Give the entries again exactly. Skip the pictures.

Stored entries
-- Opening Marker --

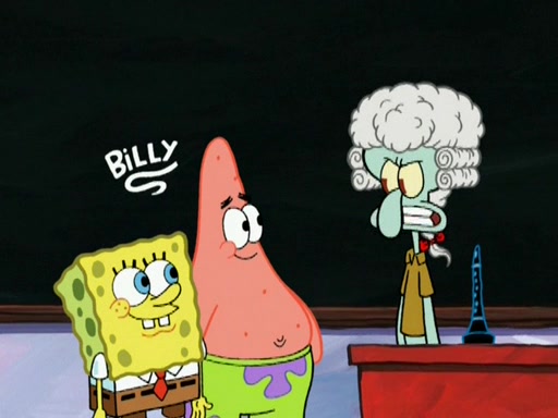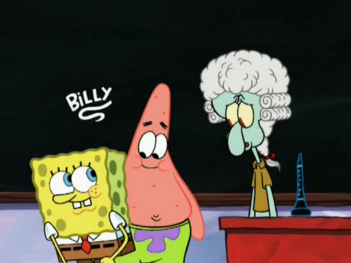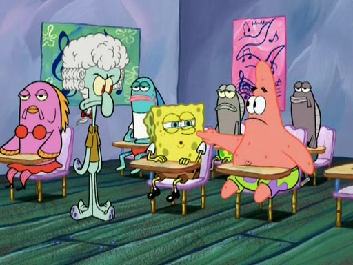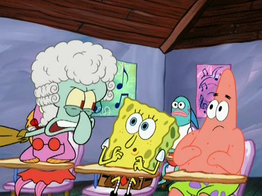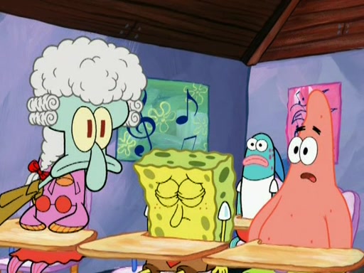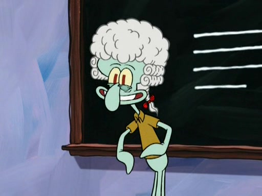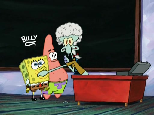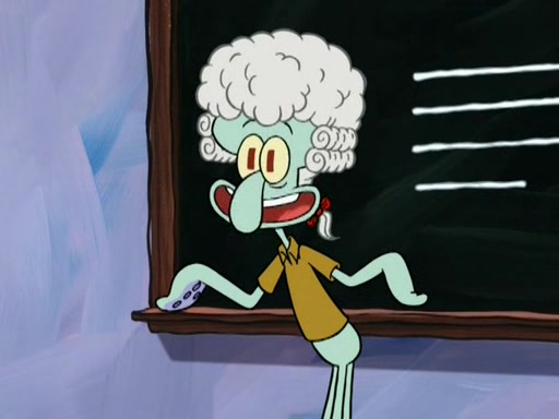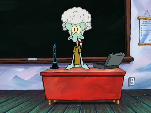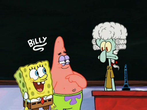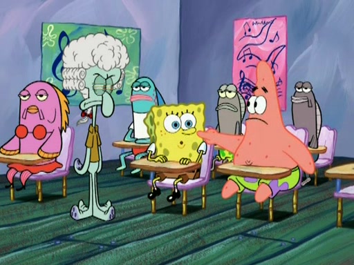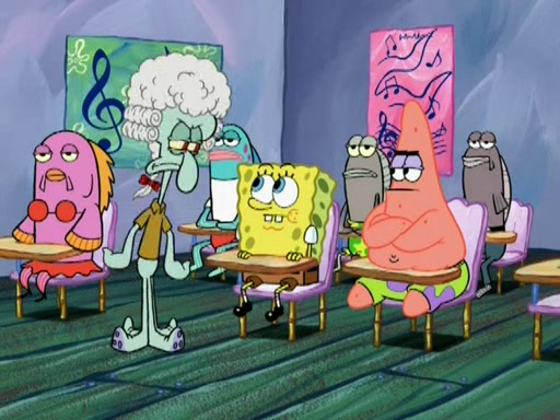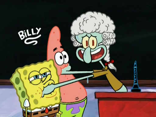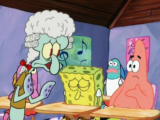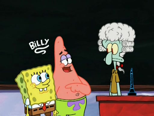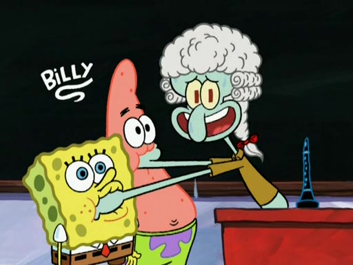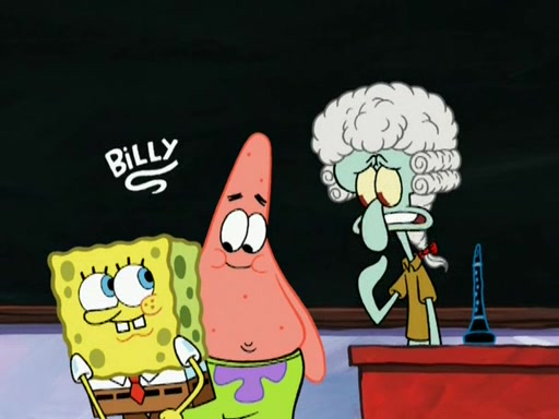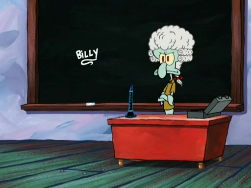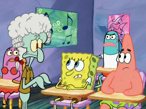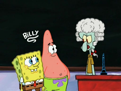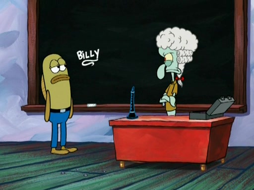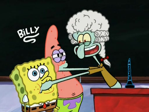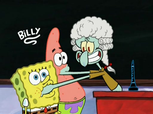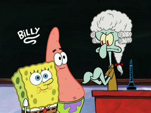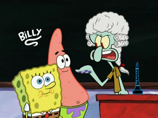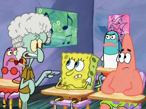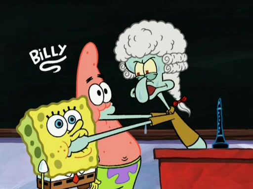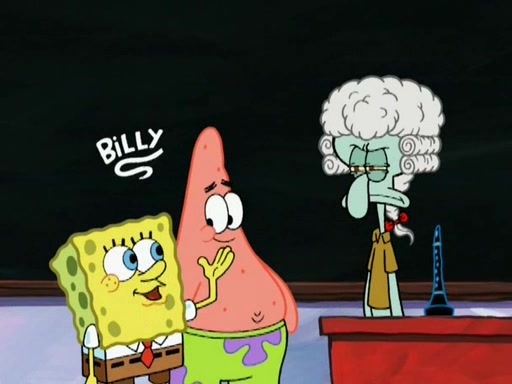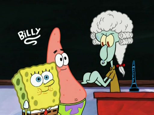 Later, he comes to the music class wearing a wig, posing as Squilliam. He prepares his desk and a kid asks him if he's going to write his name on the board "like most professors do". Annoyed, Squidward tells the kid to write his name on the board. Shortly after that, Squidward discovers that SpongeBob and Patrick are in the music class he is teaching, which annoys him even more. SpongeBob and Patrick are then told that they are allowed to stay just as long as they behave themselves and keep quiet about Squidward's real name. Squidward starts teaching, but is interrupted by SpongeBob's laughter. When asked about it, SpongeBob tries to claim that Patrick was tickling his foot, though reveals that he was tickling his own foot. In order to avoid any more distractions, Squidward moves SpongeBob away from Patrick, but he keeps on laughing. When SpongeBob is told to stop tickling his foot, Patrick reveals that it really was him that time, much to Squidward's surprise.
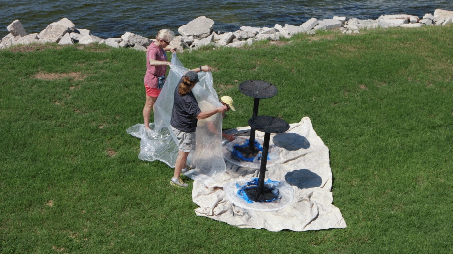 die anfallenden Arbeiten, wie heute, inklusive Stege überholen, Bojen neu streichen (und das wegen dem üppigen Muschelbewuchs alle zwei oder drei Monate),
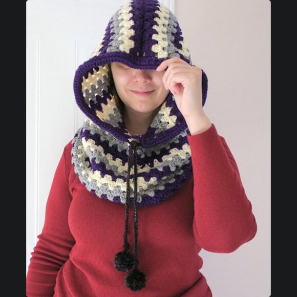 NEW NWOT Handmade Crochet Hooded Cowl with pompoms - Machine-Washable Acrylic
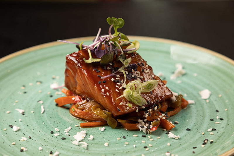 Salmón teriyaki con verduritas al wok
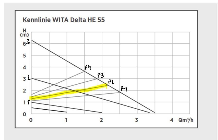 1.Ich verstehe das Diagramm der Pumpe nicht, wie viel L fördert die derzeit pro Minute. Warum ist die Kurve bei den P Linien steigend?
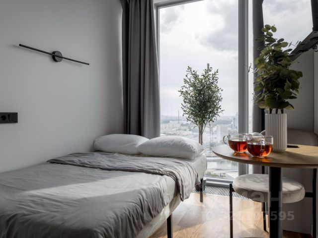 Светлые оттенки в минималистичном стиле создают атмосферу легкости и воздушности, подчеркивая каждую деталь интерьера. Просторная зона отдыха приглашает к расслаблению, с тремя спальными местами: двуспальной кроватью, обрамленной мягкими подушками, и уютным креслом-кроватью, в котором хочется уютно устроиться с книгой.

-- Closing Marker --

RESULT FOR THIS TASK ->
 Later, he comes to the music class wearing a wig, posing as Squilliam. He prepares his desk and a kid asks him if he's going to write his name on the board "like most professors do". Annoyed, Squidward tells the kid to write his name on the board. Shortly after that, Squidward discovers that SpongeBob and Patrick are in the music class he is teaching, which annoys him even more. SpongeBob and Patrick are then told that they are allowed to stay just as long as they behave themselves and keep quiet about Squidward's real name. Squidward starts teaching, but is interrupted by SpongeBob's laughter. When asked about it, SpongeBob tries to claim that Patrick was tickling his foot, though reveals that he was tickling his own foot. In order to avoid any more distractions, Squidward moves SpongeBob away from Patrick, but he keeps on laughing. When SpongeBob is told to stop tickling his foot, Patrick reveals that it really was him that time, much to Squidward's surprise.
 die anfallenden Arbeiten, wie heute, inklusive Stege überholen, Bojen neu streichen (und das wegen dem üppigen Muschelbewuchs alle zwei oder drei Monate),
 NEW NWOT Handmade Crochet Hooded Cowl with pompoms - Machine-Washable Acrylic
 Salmón teriyaki con verduritas al wok
 1.Ich verstehe das Diagramm der Pumpe nicht, wie viel L fördert die derzeit pro Minute. Warum ist die Kurve bei den P Linien steigend?
 Светлые оттенки в минималистичном стиле создают атмосферу легкости и воздушности, подчеркивая каждую деталь интерьера. Просторная зона отдыха приглашает к расслаблению, с тремя спальными местами: двуспальной кроватью, обрамленной мягкими подушками, и уютным креслом-кроватью, в котором хочется уютно устроиться с книгой.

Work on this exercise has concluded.